Collected data entries
* * *

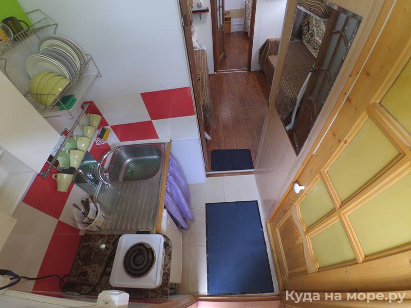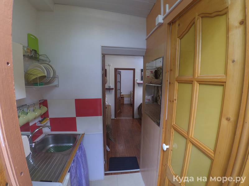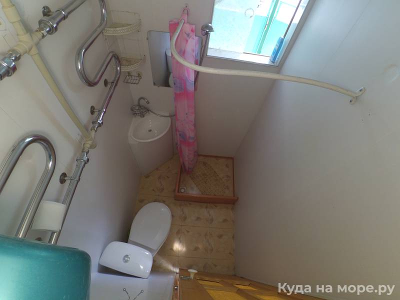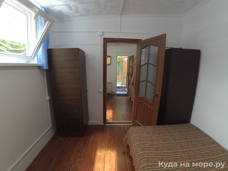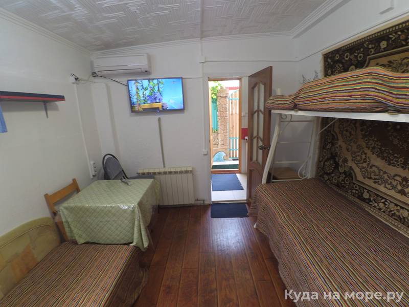 На первом этаже, уютный светлый двухкомнатный номер на 5 + человек, в номере кухонный уголок, плита, мойка, душевая комната и туалет, есть Wi-Fi, кондиционер, холодильник, телевизор. Первый этаж. В 2х минутах ходьбы от моря. Мангал по желанию.
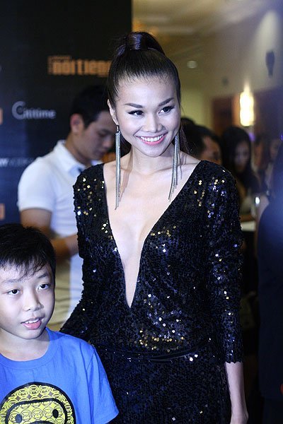 | Thanh Hằng đến dự tiệc sinh nhật của tạp chí Người nổi tiếng với một bộ đầm đen sang trọng |
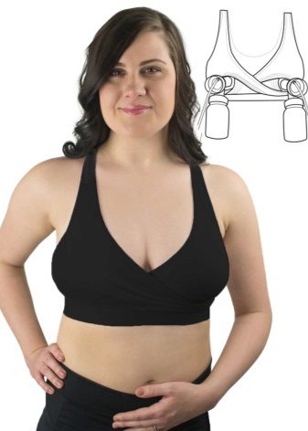 - 2 in 1. This is a bra for pregnant and lactating mothers. Their cut is the same as that of the support, but the cups are fastened to the straps with hooks, thanks to this it is convenient to feed the child and you do not have to pull the straps off each time.
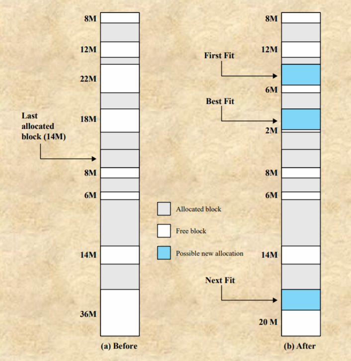 - 메모리 할당을 기다리는 프로세스(16M필요)가 들어갈 위치를 fisrt-fit, best-fit, next-fit방법으로 찾아보자.
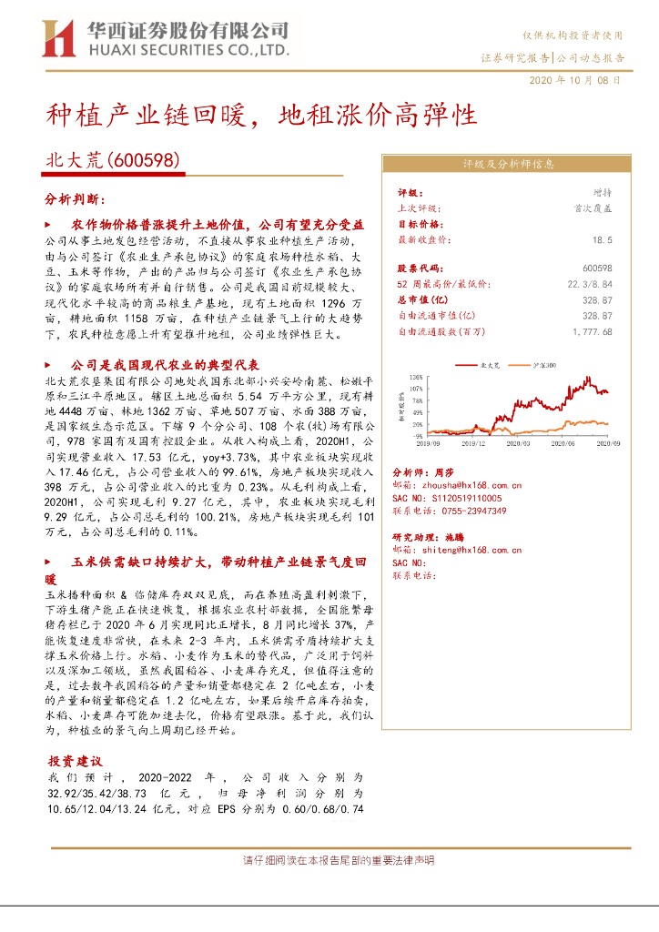 华西证券:北大荒(600598)-种植产业链回暖,地租涨价高弹性.pdf
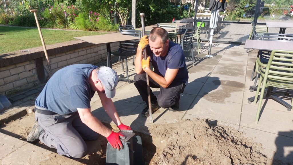 Een vrijdagmorgen op de Landerij. Het grote terras is voor publiek niet toegankelijk. Het klusteam zwoegt onder de stralende zon. Wordt dit een gevalletje Putje graven, Tentje bouwen, Tukkie doen? Nee, zeker niet. Vervang het tentje door vier parasols: die worden stevig in de grond verankerd. En dat valt niet mee. Onder de terrastegels ligt een dikke laag puin en daar moet zeker vijftig centimeter diep een gat in worden gebikt. Met allerhande gereedschap en overduidelijk flink wat ervaring worden de ondergrondse houders nauwkeurig waterpas in positie gebracht. De kunst is om de vier parasols keurig in het lood én in lijn met elkaar geplaatst te krijgen. Kom zelf op een zonnige dag maar even checken of dat gelukt is.
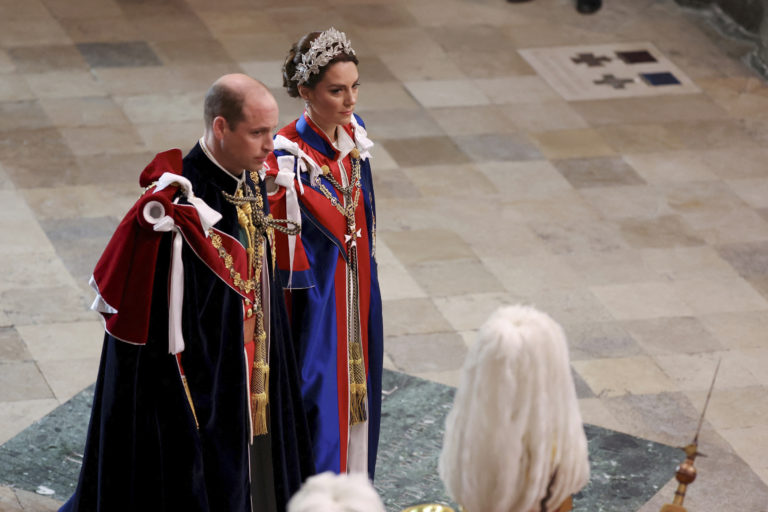 Britský princ William bozkáva svojho otca kráľa Karola III. počas jeho korunovačného ceremoniálu. Foto: SITA/AP
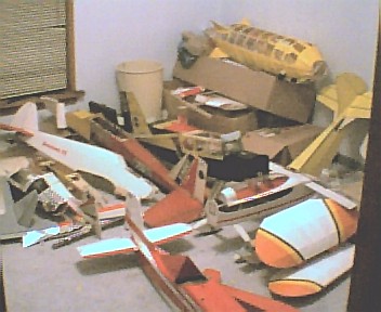 This is where all my waiting aircraft sit. I have anything for a F-22 to a plane that looks like a goose, to a Long EZ and as simple as a kadet senior. The blimp in the back ground will get wings, and will be a ducted fan later on in its like, neat huh?
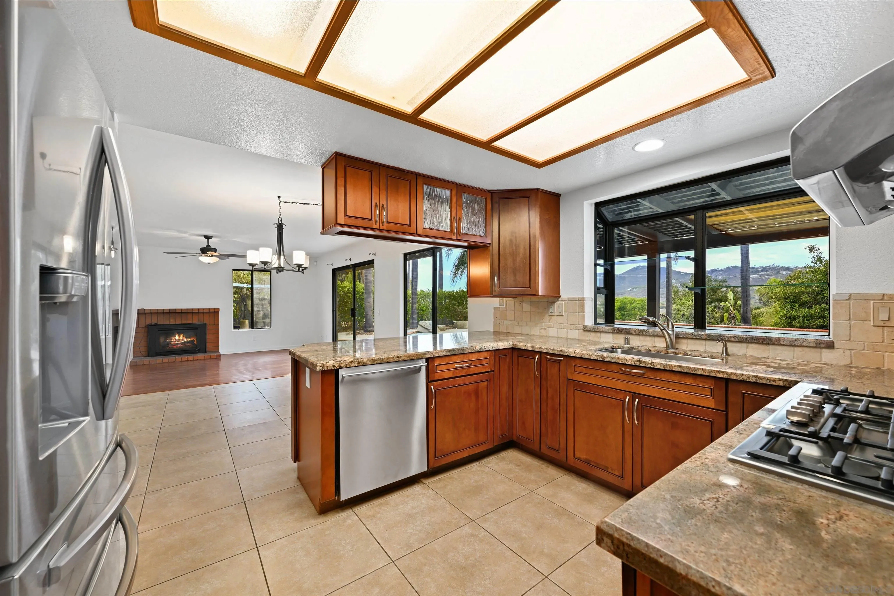 Private View Estate With Resort Amenities! Amazing views and total privacy await at the end of a peaceful cul-de-sac. This beautifully remodeled home is filled with upgrades and thoughtful details throughout. The property boasts a sparkling pool and spa, heated by either an owned solar system or a Jandy gas heater, surrounded by lush tropical landscaping. The gourmet kitchen features custom cabinetry, stainless steel appliances, and granite countertops, opening to a comfortable family room with a Heat & Glo fireplace. Vaulted ceilings in the living room & dining room add spacious elegance. Updated bathrooms showcase granite counters and modern finishes. Enjoy flexible living with a bedroom and full bath conveniently located on the main level. All bedrooms feature ceiling fans for year-round comfort. As an added bonus the kitchen and bathrooms have been fully-remodeled. The first-floor laundry room includes cabinetry and a sink. A whole-house water softener and reverse osmosis system provide pure, softened water throughout. The home includes a fully-monitored security system with live camera. The 3-car garage offers ample space, with one bay currently used as a workshop—easy to convert back if desired. Outdoor living is enhanced by over 35 mature palm trees and a large patio ideal for entertaining. Grab your favorite beverage and take in the west-facing views delivering breathtaking sunsets. With nearby access to the new Palomar Hospital, shopping, dining, and freeways, this home combines rural tranquility with modern convenience.
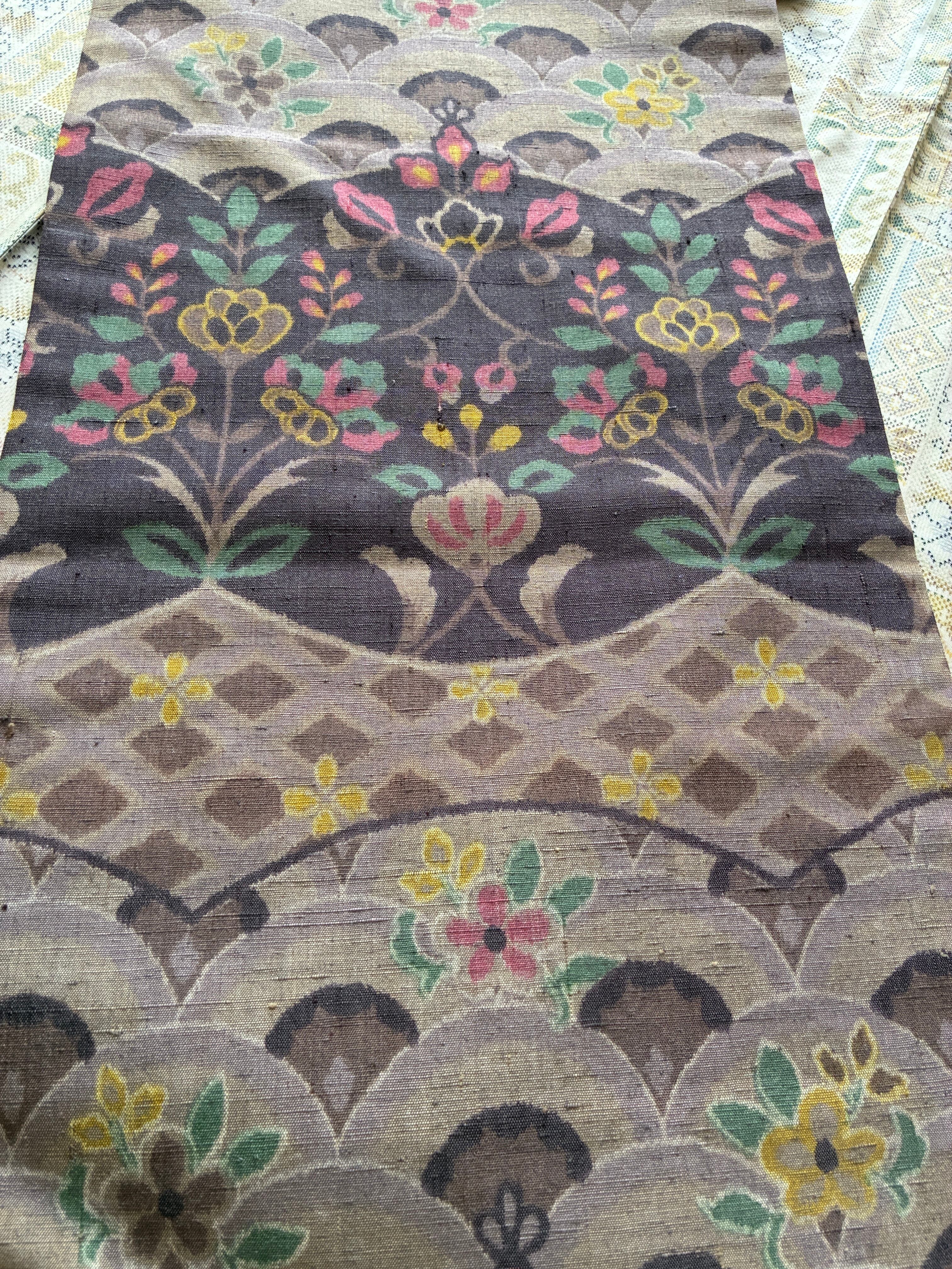 ひらき名古屋帯 染め紬 更紗柄横段文様 グレーベージュ紫ピンク茶
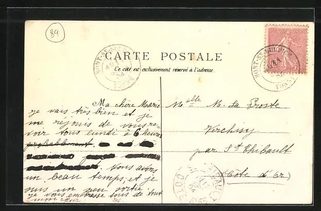 Personenbezogene Daten auf der Rückseite der Karte wurden durch blauen Textmarker unkenntlich gemacht. Die blauen Stellen sind auf die Vorderseite durchgeweicht und wirken sich negativ auf das Postkartenfoto aus
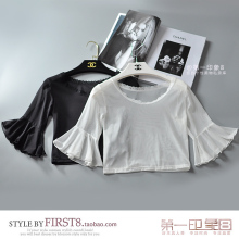 2017网纱透明内搭喇叭袖罩衫打底衫夏季T恤半截短款短装女上衣
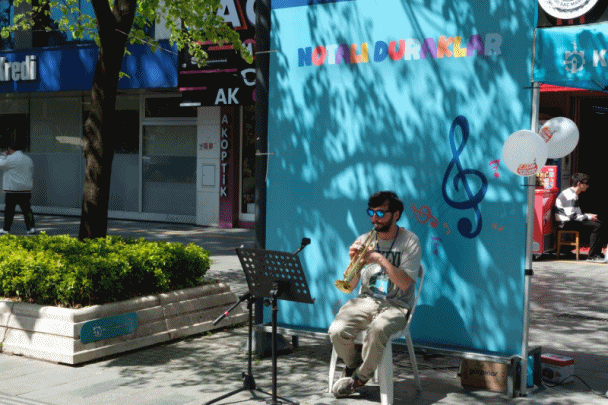 Konservatuvar ve Sanat Merkezi öğrencileri gösterilerinde çello, ukulele, piyano, gitar, bağlama, keman ve flüt enstrümanlarını kullandı. İşitme engelli öğrencilerden oluşan ritim grubu da “Notalı Duraklar”da müzik yaptı. Aldıkları eğitimi başarı ile sergileyen çocuklar, yetenekleri ile kendilerine hayran bıraktı.
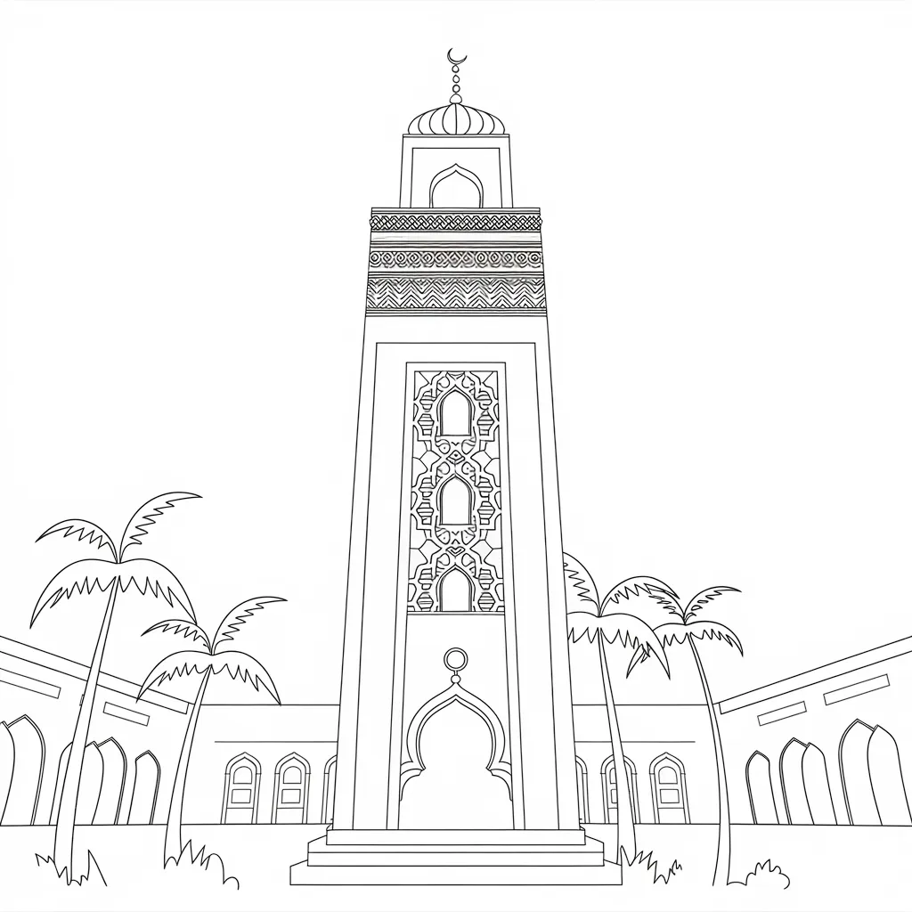 Menara masjid yang menjulang tinggi dengan detail arsitektur yang indah.
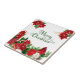 This elegant Holiday ceramic tile features a bottom border of red poinsettia, holly, greenery, and gold embellishment. At one end is a red cardinal perched upon a white poinsettia blossom. Each of the top corners has a smaller red poinsettia bouquet, and "Merry Christmas" is in green stylised text at the centre. Everything is placed on a white background. Pretty for any Holiday table, or as a festive seasonal gift.
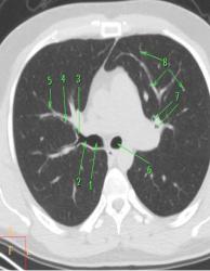 7– поперечные сечения сегментарных бронхов;
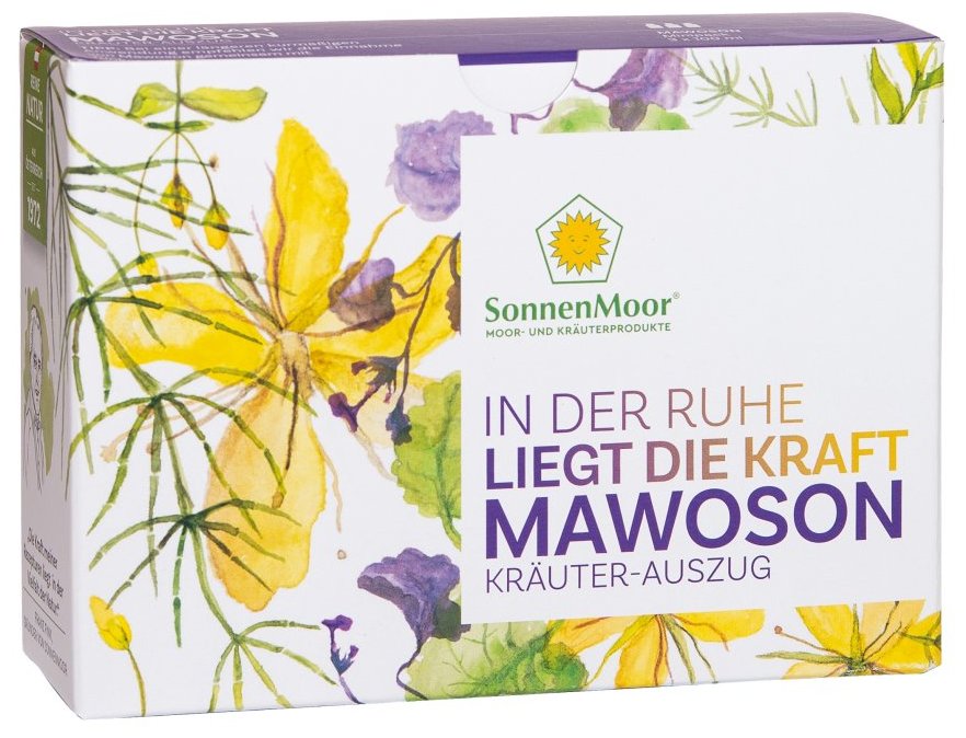 Das SonnenMoor Mawoson ist ein flüssiger Kräuterauszug Magen und Nerven, ein reines Naturprodukt in Arzneibuchqualität, frei von chemischen Konservierungsstoffen. Über einen längeren Zeitraum genossen, wirkt Mawoson beruhigend auf die Nerven und stärkend auf den Magen. Die ausgewählte Kombination kostbarer Kräuter dämpft vorherrschendes Stressgefühl und Burnout-Symptome. Das flüssige Konzentrat wird auch gerne bei Appetitlosigkeit, bei Unwohlsein und kurmäßig angewendet. Das Nahrungsergänzungsmittel auf Kräuterbasis sorgt für optimales Wohlbefinden, trägt zur Beruhigung bei und dämpft Stress und Nervosität ohne zu übermüden. Das alkoholfreie Konzentrat kräftigt und vitalisiert ihren Körper und sorgt so für mehr Lebensfreude und Wohlbefinden.
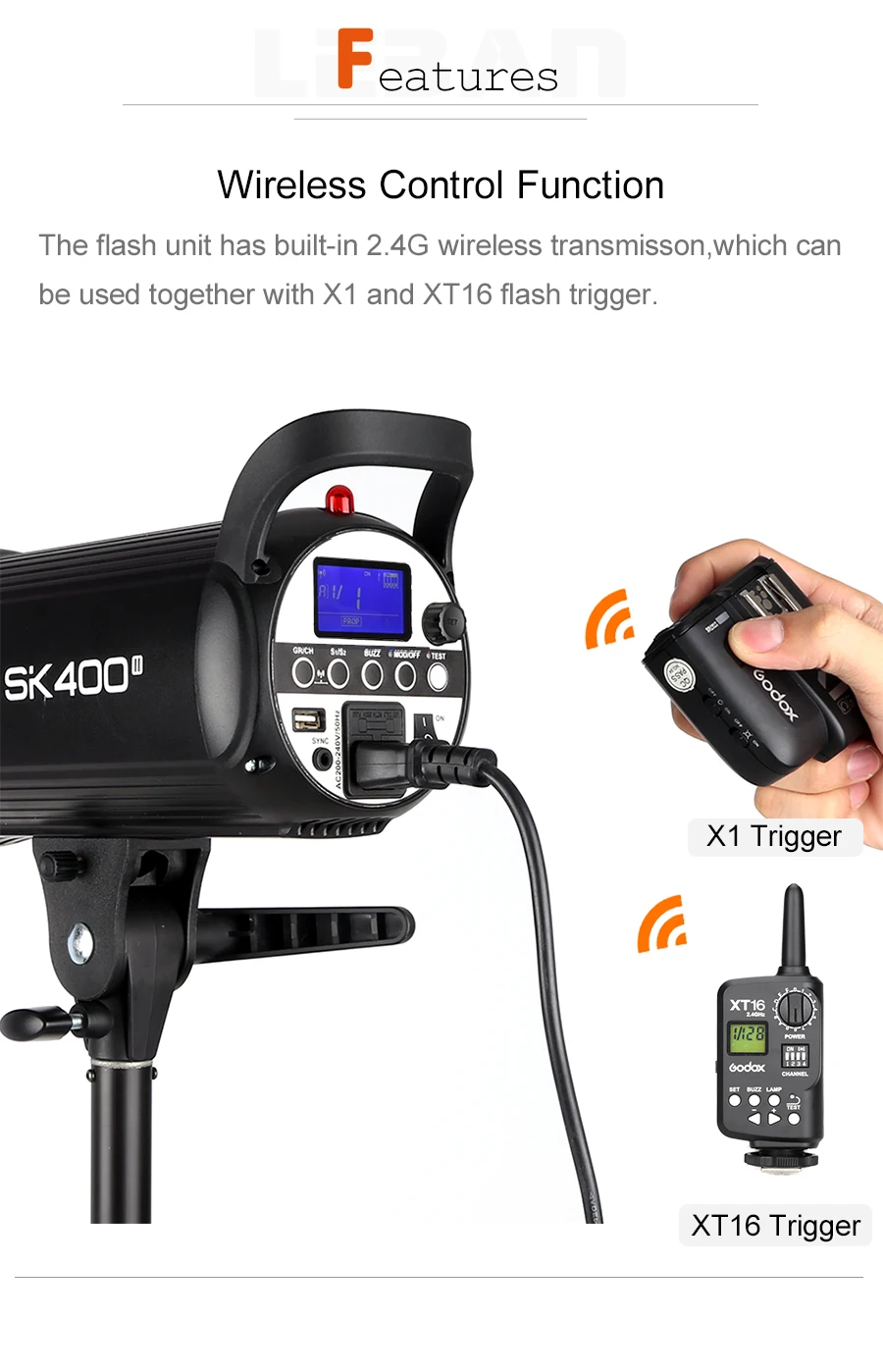 Благодаря встроенной беспроводной системе X Godox 2,4G, серия SKII-это экономичный компактный стробоскоп для вспышки для съемки товаров электронной коммерции, портретной съемки и фото образа жизни. При небольшой и средней студийной съемке он может работать как при высосветильник, фосветильник щении или светильник щении волос.
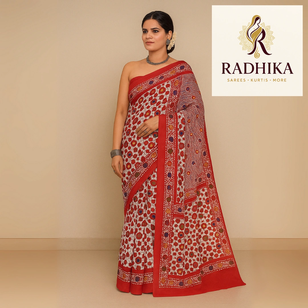 Be the first to review “Gulmohar Gaze Malai Cotton Saree”
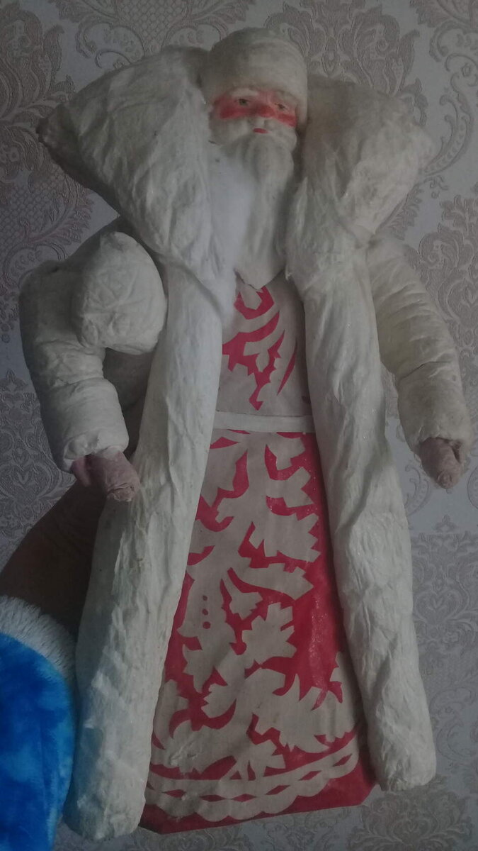 С этого красавца и началась моя любовь к ватным ёлочным игрушкам. Он всегда казался мне таким волшебным и я жалела, что у меня нет такого. Несмотря на "рваные раны" бабушка каждый год ставила его под елку. Я уже занималась ватной игрушкой но на его преображение не решалась. Боялась, что испорчу. Поднабравщись опыта, все-таки решилась. Вот таким он был. Всё ещё бравый, но слегка потрепаный Ну а маленьких ранок было нисчесть. Сперва я кисточкой смахнула слюду, что бы покрыть ей дедушку потом. Верхний слой походил на тонкую плёнку. Поэтому я спокойно терла его детскими не сильно влажными салфетками. Дедушка становился чище, но некоторые места не желали оттираться и я аккуратно срезала тончайший верхний слой ножничками. Из дырочки у бороды достала немного ваты. У меня была своя, оо она отличалась по цвету, консистенции, вкраплениям. С мне нужно было что бы ранки были не заметны. Так вот эту самую вытащеную вату прикладывать на ранения и промазывала клейстером. Места и вправду стали неза

* * *

__Instructions to follow__
Each line from the beginning of the entries up to and including the one containing "Een vrijdagmorgen op" must be restated exactly. Pictures are to be left out.

__Solved exercise__
 На первом этаже, уютный светлый двухкомнатный номер на 5 + человек, в номере кухонный уголок, плита, мойка, душевая комната и туалет, есть Wi-Fi, кондиционер, холодильник, телевизор. Первый этаж. В 2х минутах ходьбы от моря. Мангал по желанию.
 | Thanh Hằng đến dự tiệc sinh nhật của tạp chí Người nổi tiếng với một bộ đầm đen sang trọng |
 - 2 in 1. This is a bra for pregnant and lactating mothers. Their cut is the same as that of the support, but the cups are fastened to the straps with hooks, thanks to this it is convenient to feed the child and you do not have to pull the straps off each time.
 - 메모리 할당을 기다리는 프로세스(16M필요)가 들어갈 위치를 fisrt-fit, best-fit, next-fit방법으로 찾아보자.
 华西证券:北大荒(600598)-种植产业链回暖,地租涨价高弹性.pdf
 Een vrijdagmorgen op de Landerij. Het grote terras is voor publiek niet toegankelijk. Het klusteam zwoegt onder de stralende zon. Wordt dit een gevalletje Putje graven, Tentje bouwen, Tukkie doen? Nee, zeker niet. Vervang het tentje door vier parasols: die worden stevig in de grond verankerd. En dat valt niet mee. Onder de terrastegels ligt een dikke laag puin en daar moet zeker vijftig centimeter diep een gat in worden gebikt. Met allerhande gereedschap en overduidelijk flink wat ervaring worden de ondergrondse houders nauwkeurig waterpas in positie gebracht. De kunst is om de vier parasols keurig in het lood én in lijn met elkaar geplaatst te krijgen. Kom zelf op een zonnige dag maar even checken of dat gelukt is.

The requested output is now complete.